Note that you can also pass a single url and a dictionary of request parameters to the
`fetch` function. The default network related parameters are conservative and can be
modified as needed.

```python
urls = "https://api.example.com/data"
kwargs = {"headers": {"Authorization": "Bearer token"}}

responses = terry.fetch(
    urls,
    return_type="json",
    request_method="post",
    request_kwargs=kwargs,
    limit_per_host=2,
    timeout=30,
)
```

### Error Handling

```python
from tiny_retriever import fetch, ServiceError

try:
    responses = fetch(urls, return_type="json", raise_status=True)
except ServiceError as e:
    print(f"Request failed: {e}")
```

### Retry Configuration

All functions retry transient errors (5xx, DNS failures, timeouts) automatically with
exponential backoff and jitter.
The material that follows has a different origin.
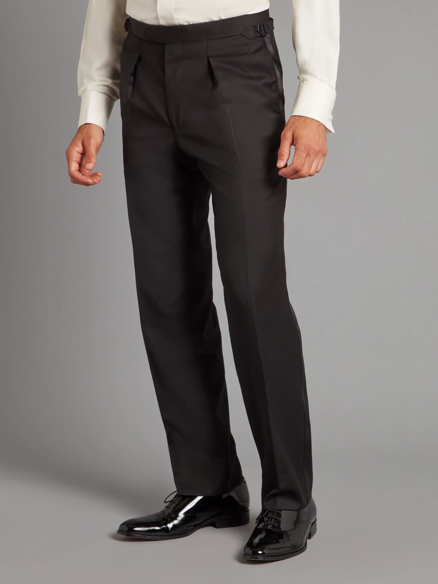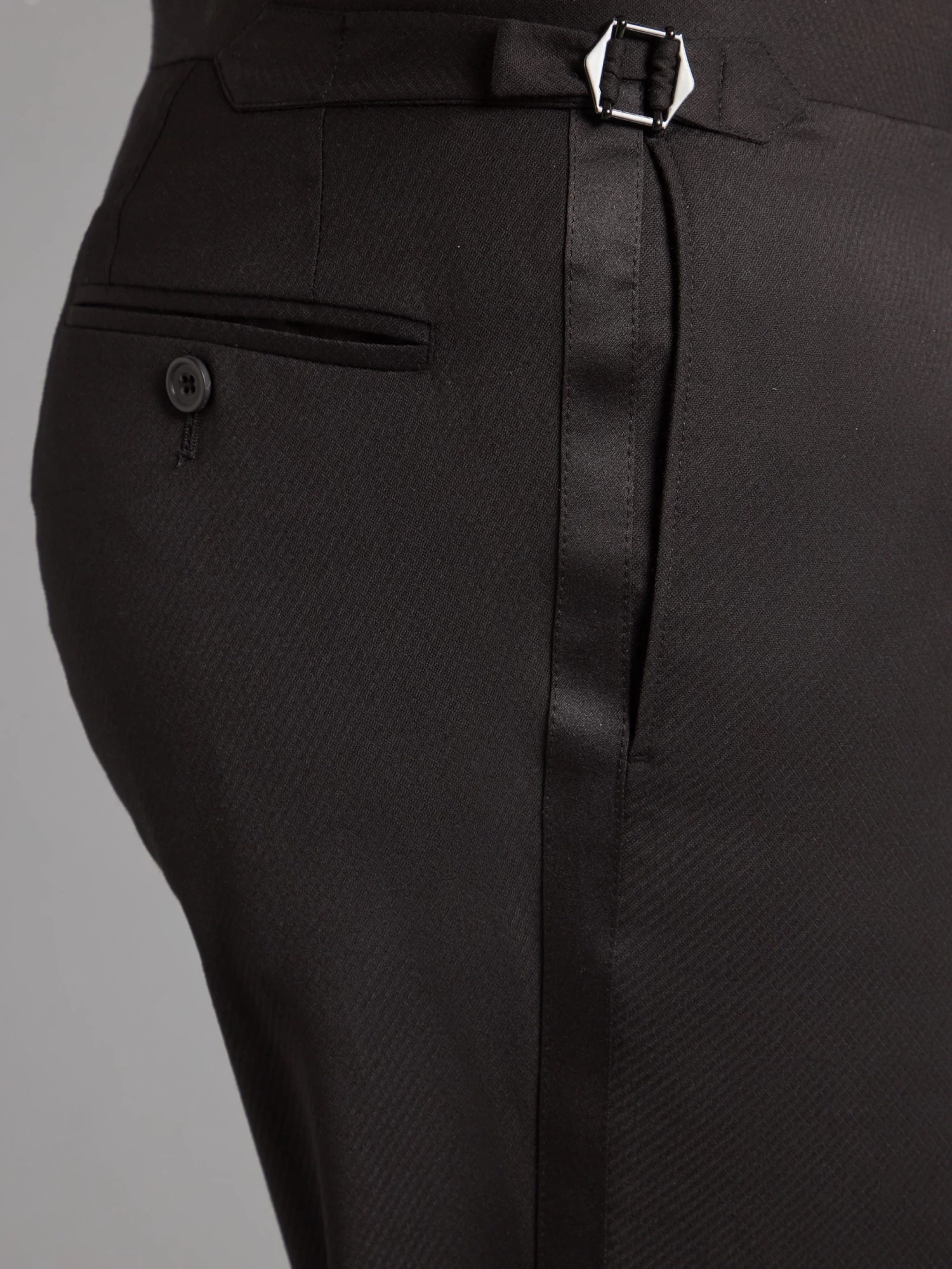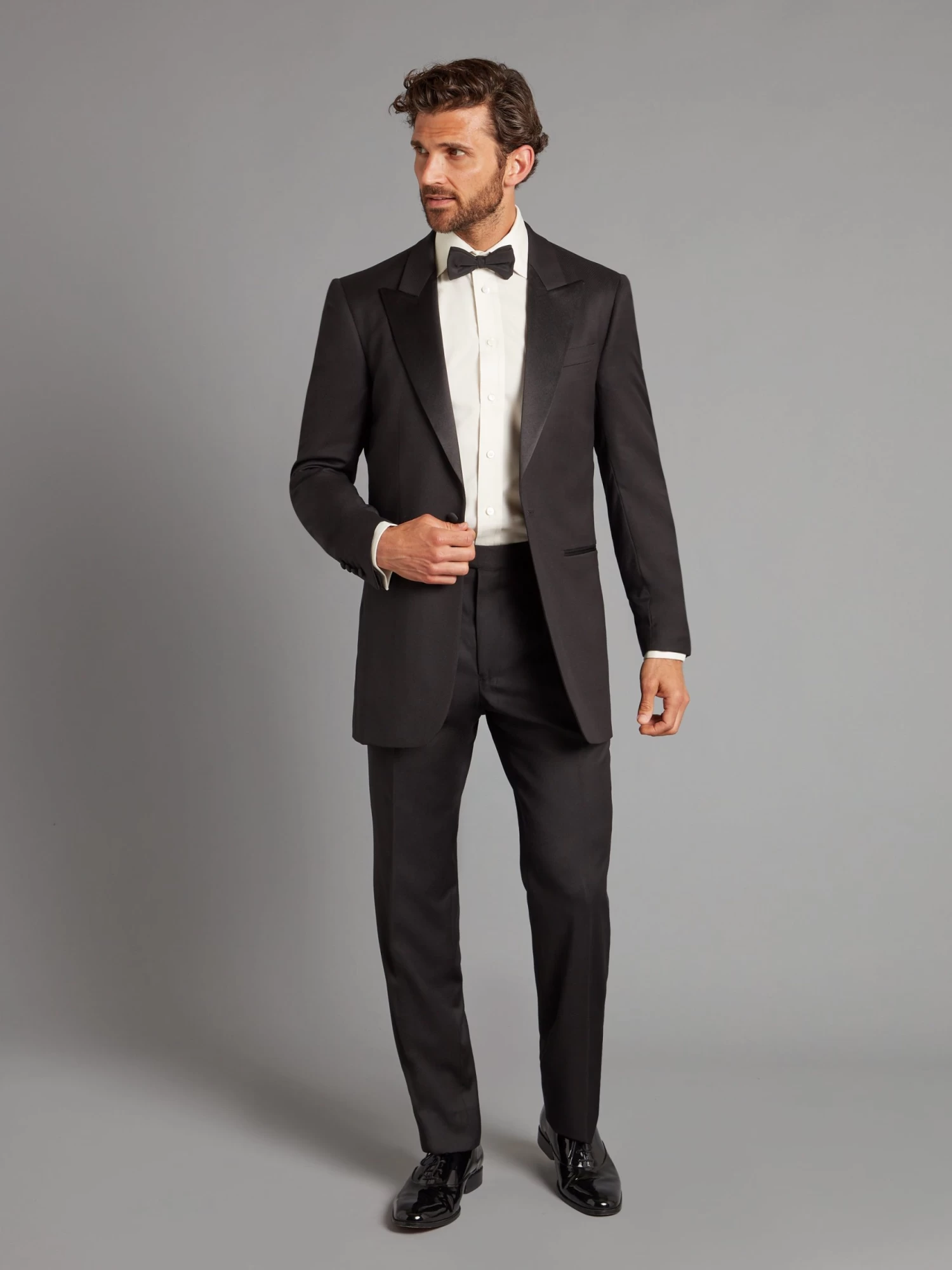 Cut in Loro Piana Super 150 wool, this Carlyle dinner suit in textured black has a luxuriously soft hand and drape.

You can control the number of attempts:

```python
# Retry up to 5 times on transient errors
terry.fetch(urls, "json", retries=5)

# Disable retries
terry.download(urls, paths, retries=1)
```

## Configuration

TinyRetriever can be configured through environment variables and function parameters:

- `MAX_CONCURRENT_CALLS`: Maximum number of concurrent requests (default: 10)
- Default chunk size for downloads: 1 MB
- Default timeout: 2 minutes for fetch, 10 minutes for download
- Default connections per host: 4
- Default retry attempts: 3

## Contributing

We welcome contributions! Please see the
[contributing](https://cheginit.github.io/tiny-retriever/CONTRIBUTING/) section for
guidelines and instructions.

## License

This project is licensed under the terms of the MIT license.